Author: Yi Wu
Title: Negotiating Rural Land Ownership in Southwest China State, Village, Family (Studies of the Weatherhead East Asian Institute, Columbia University)
Print Length: 302
Language: English, Francais, Italiano, Espanol, Deutsch
Format: PDF, ePub, mobi, azw, kf8, txt, ibook, Kindle
Negotiating Rural Land Ownership in Southwest China offers the first comprehensive analysis of how China’s current system of land ownership has evolved over the past six decades. Based on extended fieldwork in Yunnan Province, the author explores how the three major rural actors-local governments, village communities, and rural households-have contested and negotiated land rights at the grassroots level, thereby transforming the structure of rural land ownership in the People’s Republic of China.

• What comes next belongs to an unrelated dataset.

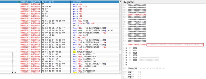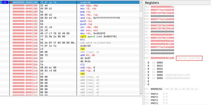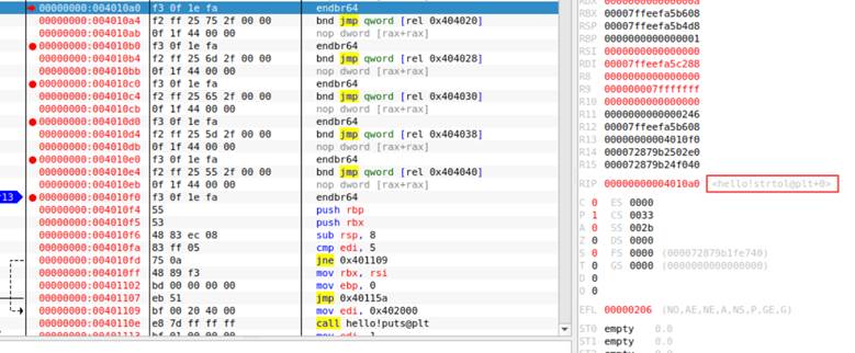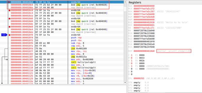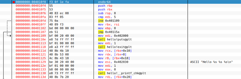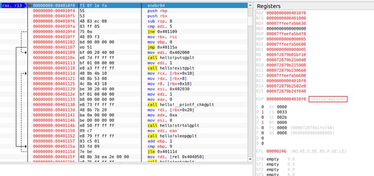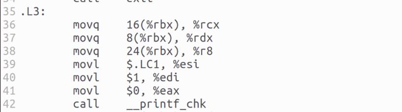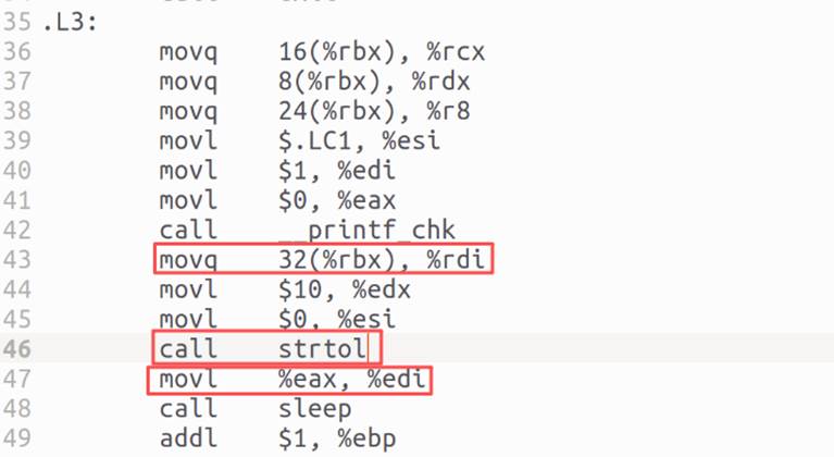 从上图可以看出,寄存器先保存argv基地址到%rbx,然后通过偏移计算访问数组中别的元素(+8为地址+8字节,64位操作系统中即为数组下一元素)

At least two million rural settlements (or ‘natural villages’) are estimated to exist in China today. Formed spontaneously out of settlement choices over extended periods of time, these rural settlements are fundamentally different from the present-day administrative villages imposed by the government from above. Yi Wu’s historical ethnography sheds light on such ‘natural villages’ and their role in shaping the current land ownership system. Drawing on local land disputes, archival documents, and rich local histories, the author unveils their enduring social identities in both the Maoist and reform eras. She pioneers the concept of ‘bounded collectivism’ to describe what resulted from struggles between the Chinese state trying to establish collective land ownership, and rural settlements seeking exclusive control over land resources within their traditional borders.A particular contribution of this book is that it provides a nuanced understanding of how and why China’s rural land ownership is changing in post-Mao China. Yi Wu uses village-level data to show how local governments, rural communities, and rural households compete for use, income, and transfer rights in both agricultural production and the land market. She demonstrates that the current rural land ownership system in China is not a static system imposed by the state from above, but a constantly changing hybrid.